| PROBLEM REQUIREMENTS |
The data below contains pictures, which are to be skipped; the lines starting at the line with "Wait! I just" and ending at the line with "This paper introduces" are to be output exactly, both ends included.

| EXERCISE MATERIALS |
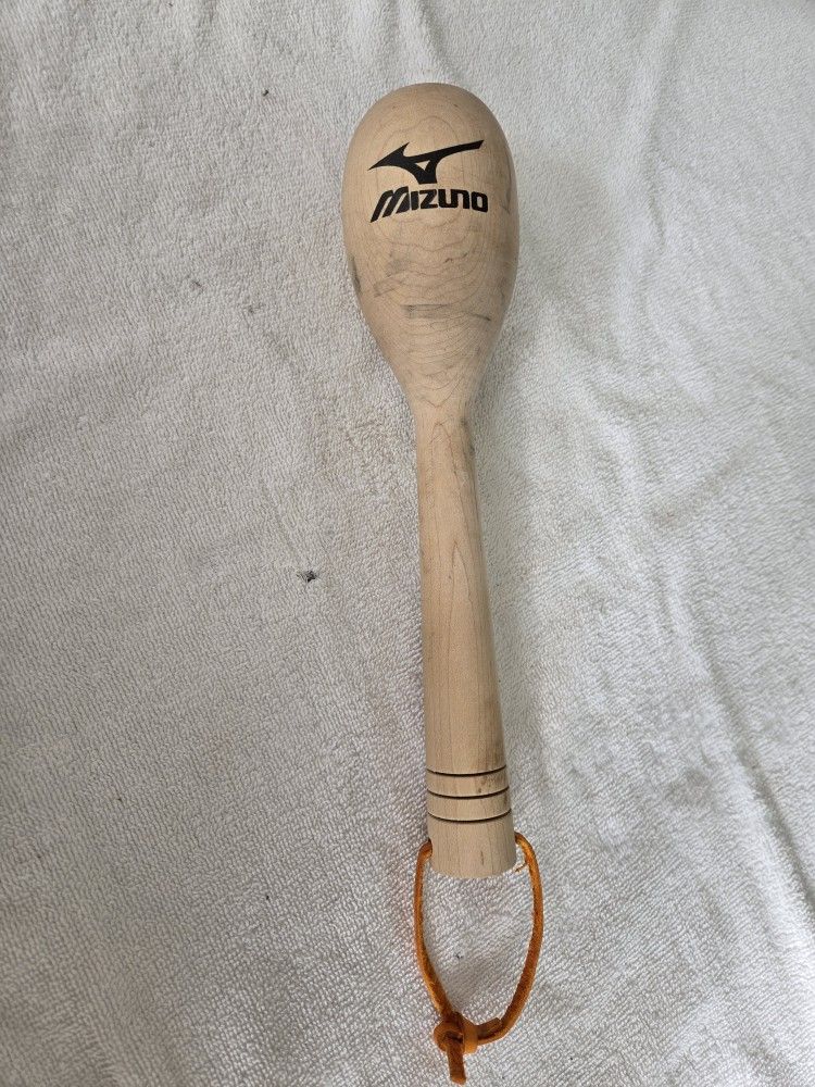 It is a tool used to help break in and shape a new baseball or softball glove. Made of solid wood. Designed to mimic the impact of a baseball. Features the Mizuno logo on the mallet head. The mallet is sized to fit a glove's pocket for accurate shaping.
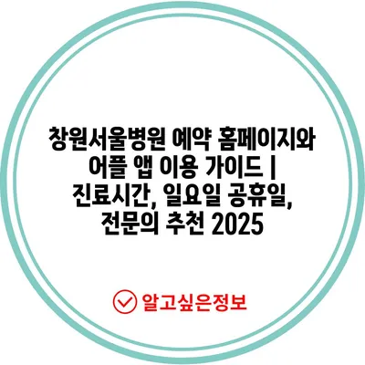 창원서울병원 예약 홈페이지와 어플 앱 이용 가이드 | 진료시간, 일요일 공휴일, 전문의 추천 2025
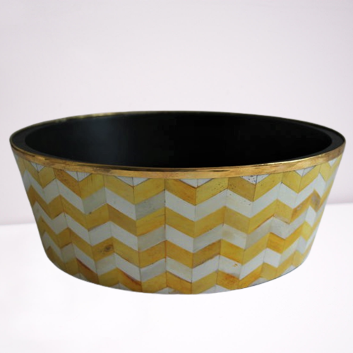 ตะกร้าผลไม้ดีไซน์ซิกแซกขอบโค้งมนทำจากทองเหลืองฝังกระดูกแบบดั้งเดิมสำหรับบ้านโรงแรมร้านอาหารสวนถาดเสิร์ฟ
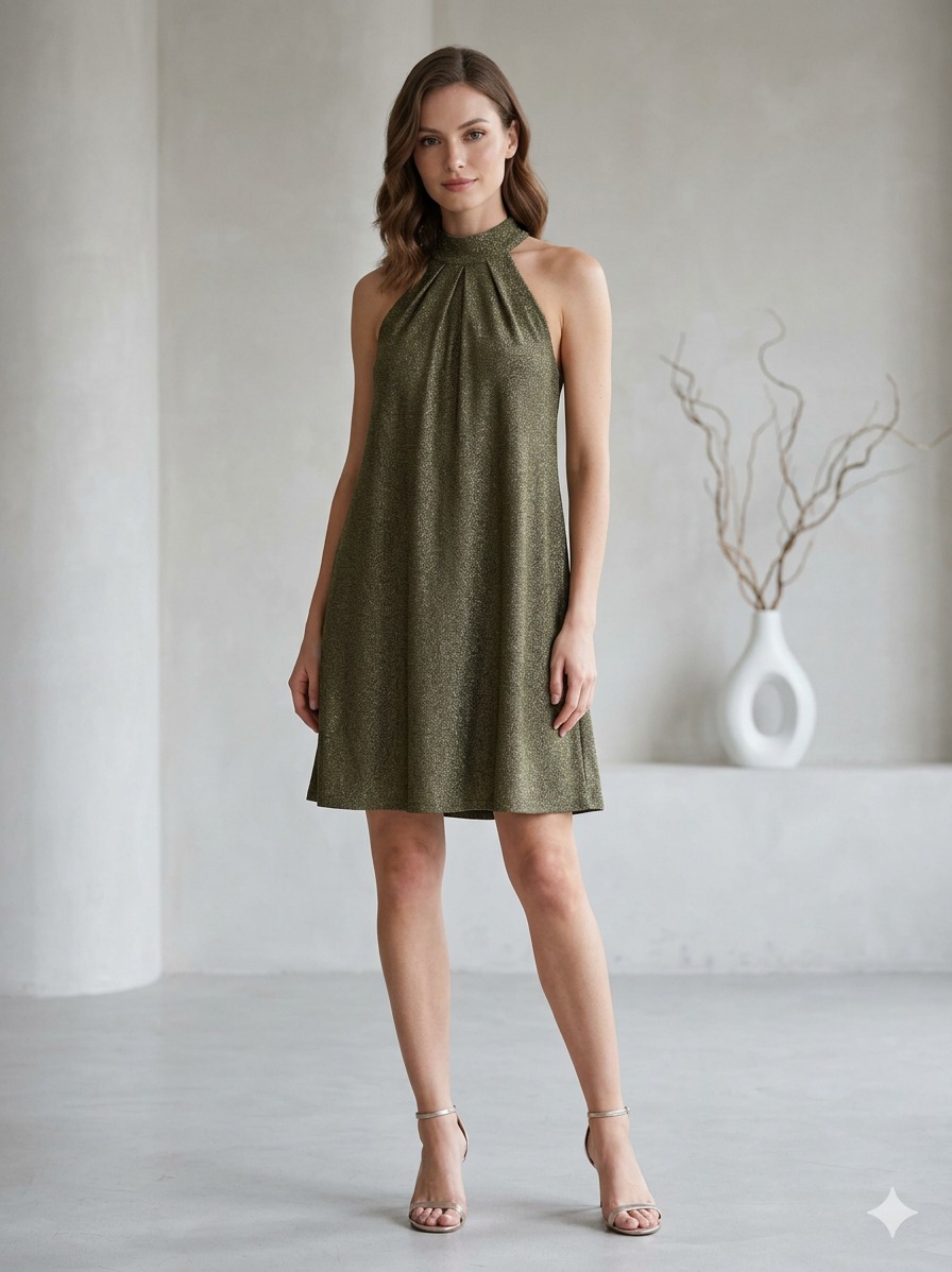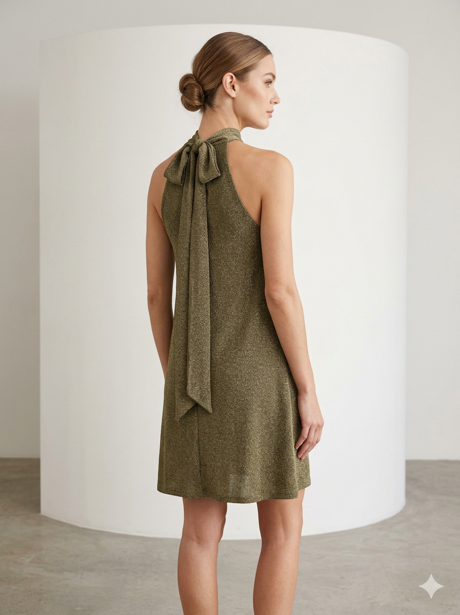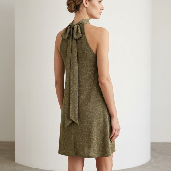 Hermoso vestido diseño halter con lazo en el cuello para su amarre en tono dorado brillante, diseño exclusivo de nuestra tienda.
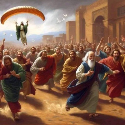 Wait! I just thought another. This is an artist’s rendition of the first Black Friday Sale and Jesus is paragliding to get ahead. Even the messiah wants to save a few gold aurei when it comes to high quality, Gvcci Sandals.
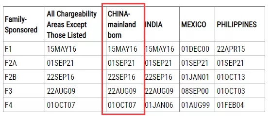 ·親屬移民排期表B,F2A類別前進了92天至2021年9月1日,其他類別無變化。
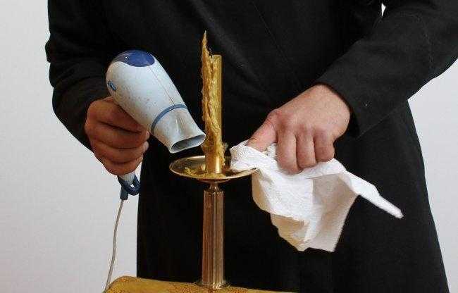 - Можно разогреть изделия теплым воздухом из фена и вытереть салфеткой. Воск расплавится, и вам будет легко его удалить. Чтобы очистить предмет от тонкой пленки вещества, которая все же останется на поверхности стекла, воспользуйтесь любой спиртосодержащей жидкостью. Для обработки труднодоступных мест используйте ватную палочку. Подсвечник заблестит, как новенький.
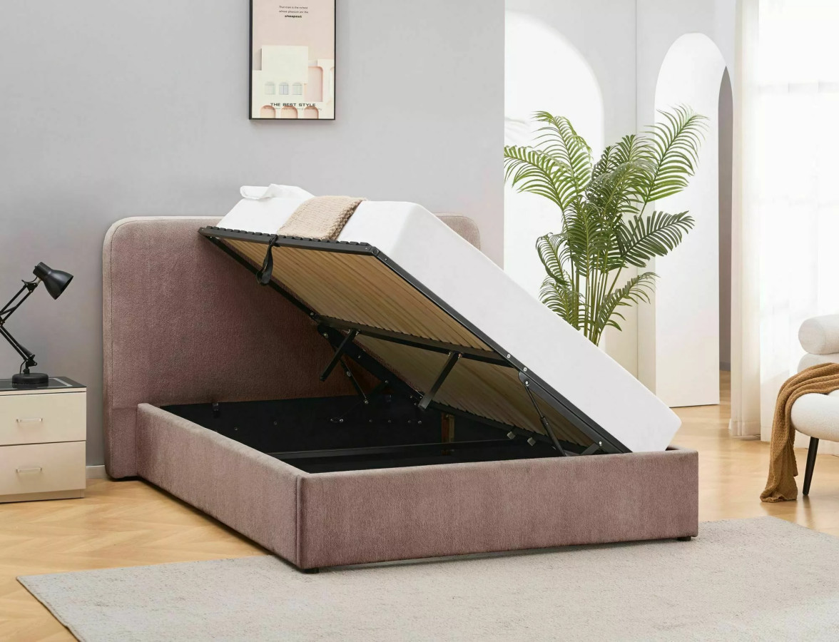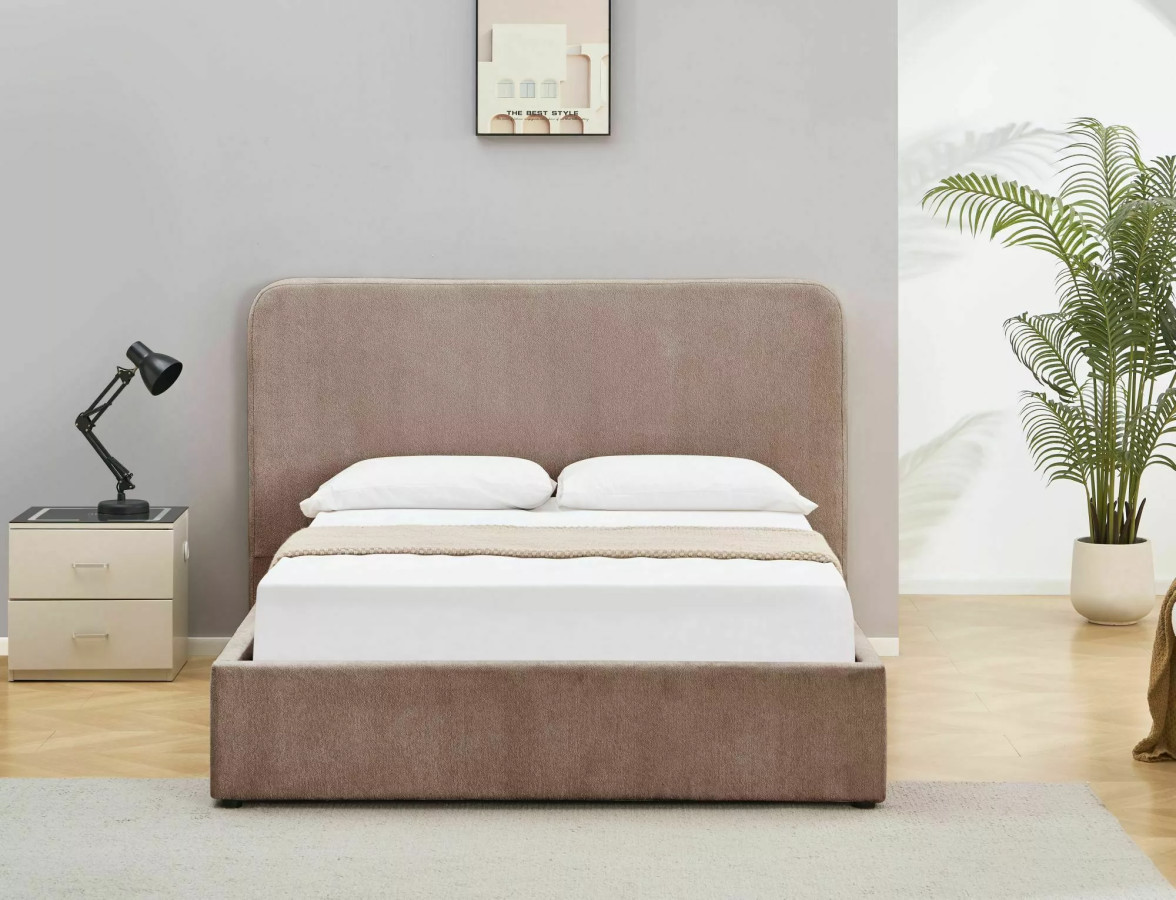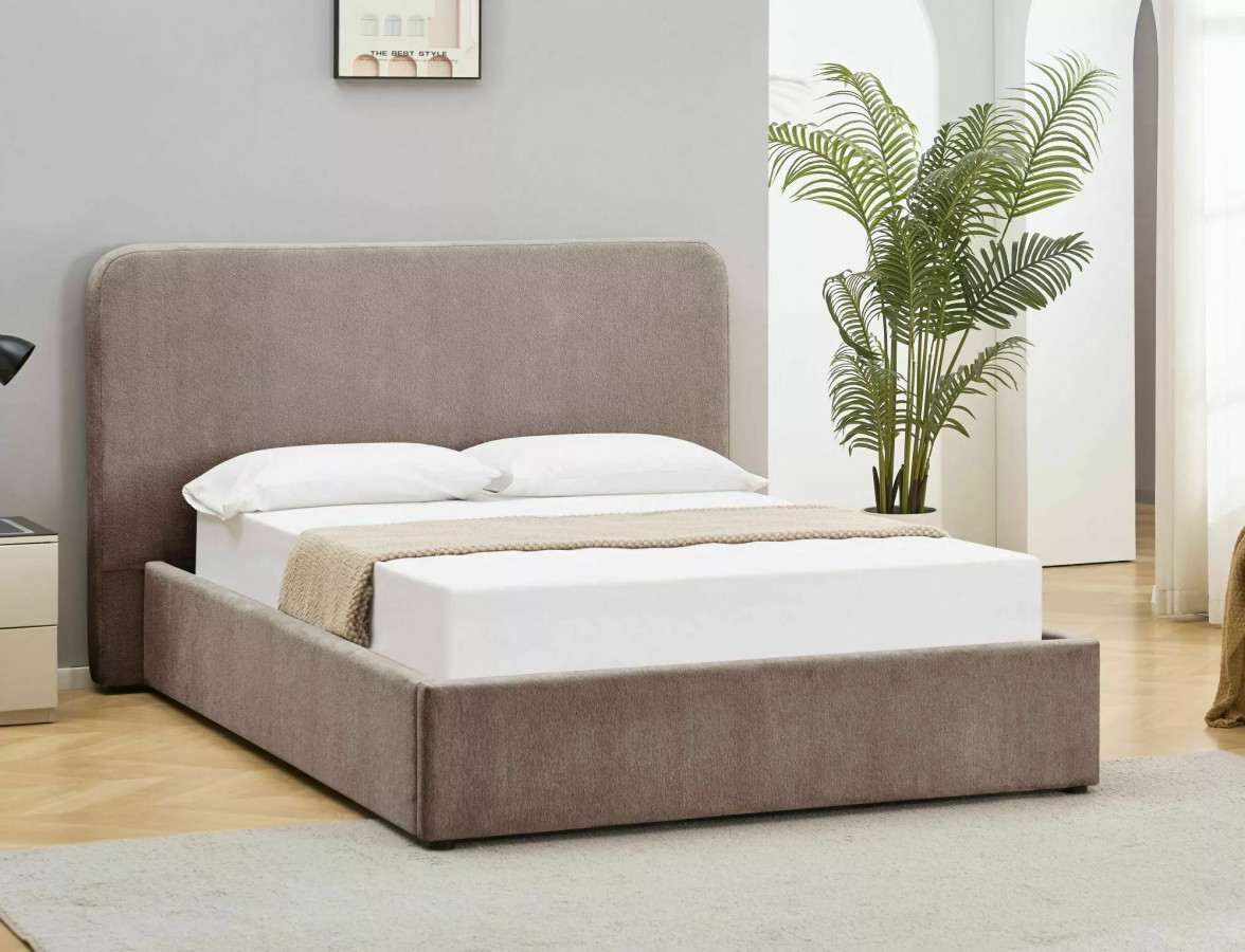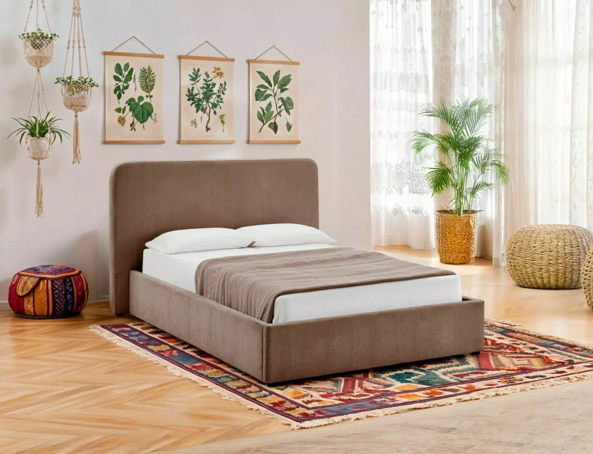 LUMIA RAVEN vyniká svým scandi-minimalistickým vzhledem. Celý rám postele je pečlivě očalouněn strukturovanou tkaninou v krémovém nebo tmavě béžovém odstínu, který vnáší do interiéru světlo a pocit čistoty.
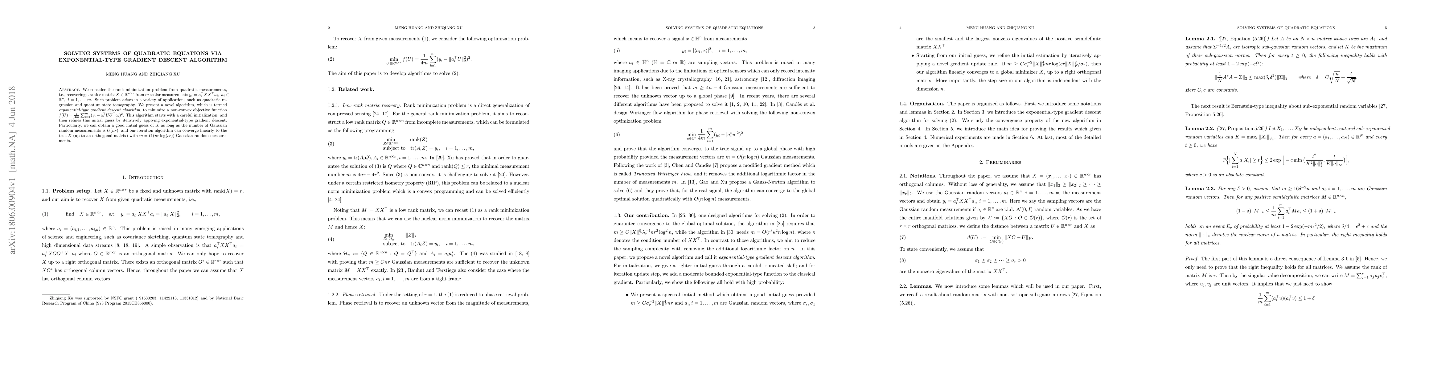 This paper introduces an exponential-type gradient descent algorithm to solve rank minimization problems from quadratic measurements, achieving linear convergence with $O(nr\log(cr))$ Gaussian random measurements. The algorithm starts with a good initial guess and iteratively refines it to recover the true matrix $X$.
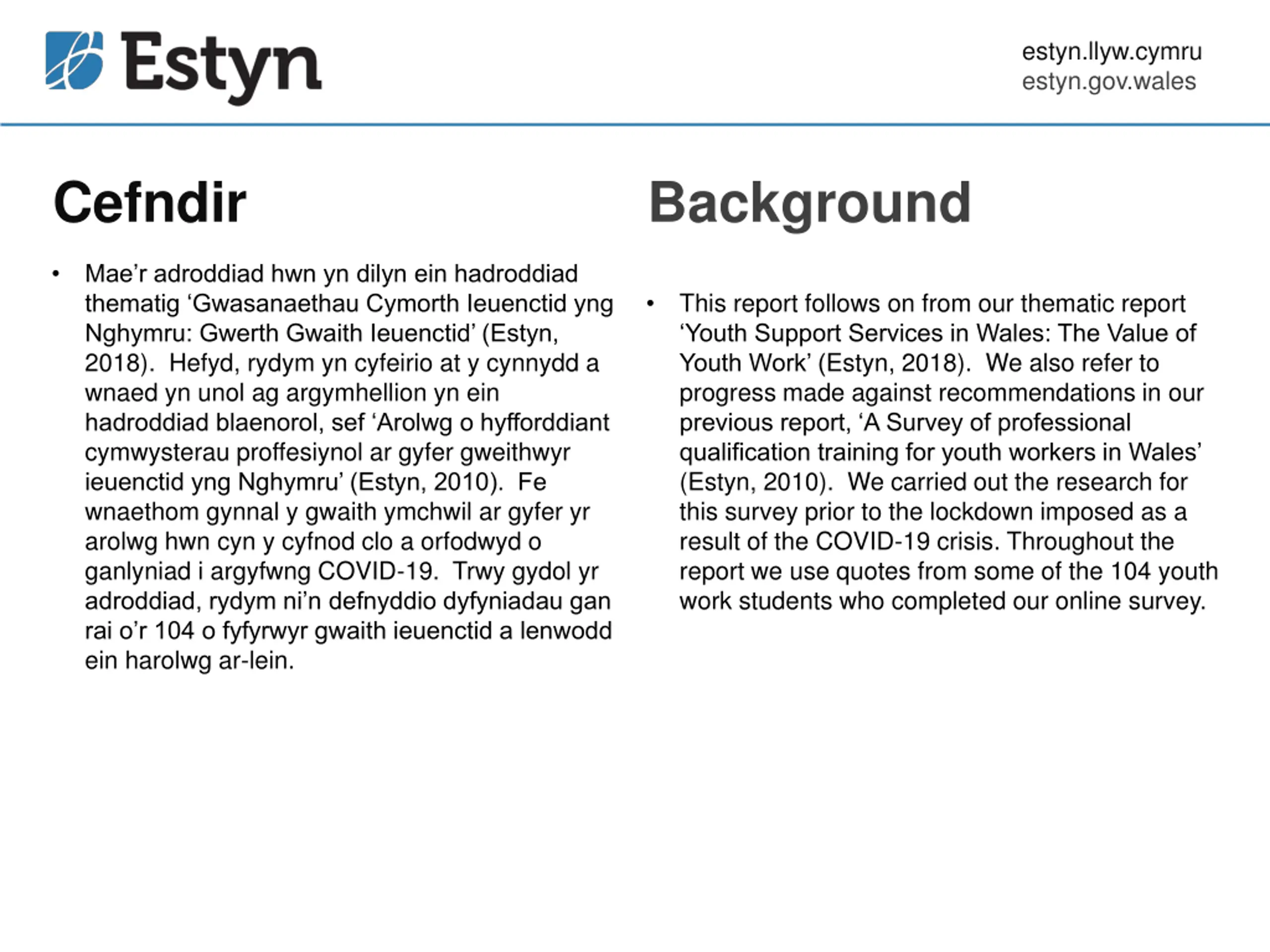 estyn.llyw.cymru estyn.gov.wales Cefndir Background Mae r adroddiad hwn yn dilyn ein hadroddiad thematig Gwasanaethau Cymorth Ieuenctid yng Nghymru: Gwerth Gwaith Ieuenctid (Estyn, 2018). Hefyd, rydym yn cyfeirio at y cynnydd a wnaed yn unol ag argymhellion yn ein hadroddiad blaenorol, sef Arolwg o hyfforddiant cymwysterau proffesiynol ar gyfer gweithwyr ieuenctid yng Nghymru (Estyn, 2010). Fe wnaethom gynnal y gwaith ymchwil ar gyfer yr arolwg hwn cyn y cyfnod clo a orfodwyd o ganlyniad i argyfwng COVID-19. Trwy gydol yr adroddiad, rydym ni n defnyddio dyfyniadau gan rai o r 104 o fyfyrwyr gwaith ieuenctid a lenwodd ein harolwg ar-lein. This report follows on from our thematic report Youth Support Services in Wales: The Value of Youth Work (Estyn, 2018). We also refer to progress made against recommendations in our previous report, A Survey of professional qualification training for youth workers in Wales (Estyn, 2010). We carried out the research for this survey prior to the lockdown imposed as a result of the COVID-19 crisis. Throughout the report we use quotes from some of the 104 youth work students who completed our online survey.

| ANSWER TO THE EXERCISE |
 Wait! I just thought another. This is an artist’s rendition of the first Black Friday Sale and Jesus is paragliding to get ahead. Even the messiah wants to save a few gold aurei when it comes to high quality, Gvcci Sandals.
 ·親屬移民排期表B,F2A類別前進了92天至2021年9月1日,其他類別無變化。
 - Можно разогреть изделия теплым воздухом из фена и вытереть салфеткой. Воск расплавится, и вам будет легко его удалить. Чтобы очистить предмет от тонкой пленки вещества, которая все же останется на поверхности стекла, воспользуйтесь любой спиртосодержащей жидкостью. Для обработки труднодоступных мест используйте ватную палочку. Подсвечник заблестит, как новенький.
 LUMIA RAVEN vyniká svým scandi-minimalistickým vzhledem. Celý rám postele je pečlivě očalouněn strukturovanou tkaninou v krémovém nebo tmavě béžovém odstínu, který vnáší do interiéru světlo a pocit čistoty.
 This paper introduces an exponential-type gradient descent algorithm to solve rank minimization problems from quadratic measurements, achieving linear convergence with $O(nr\log(cr))$ Gaussian random measurements. The algorithm starts with a good initial guess and iteratively refines it to recover the true matrix $X$.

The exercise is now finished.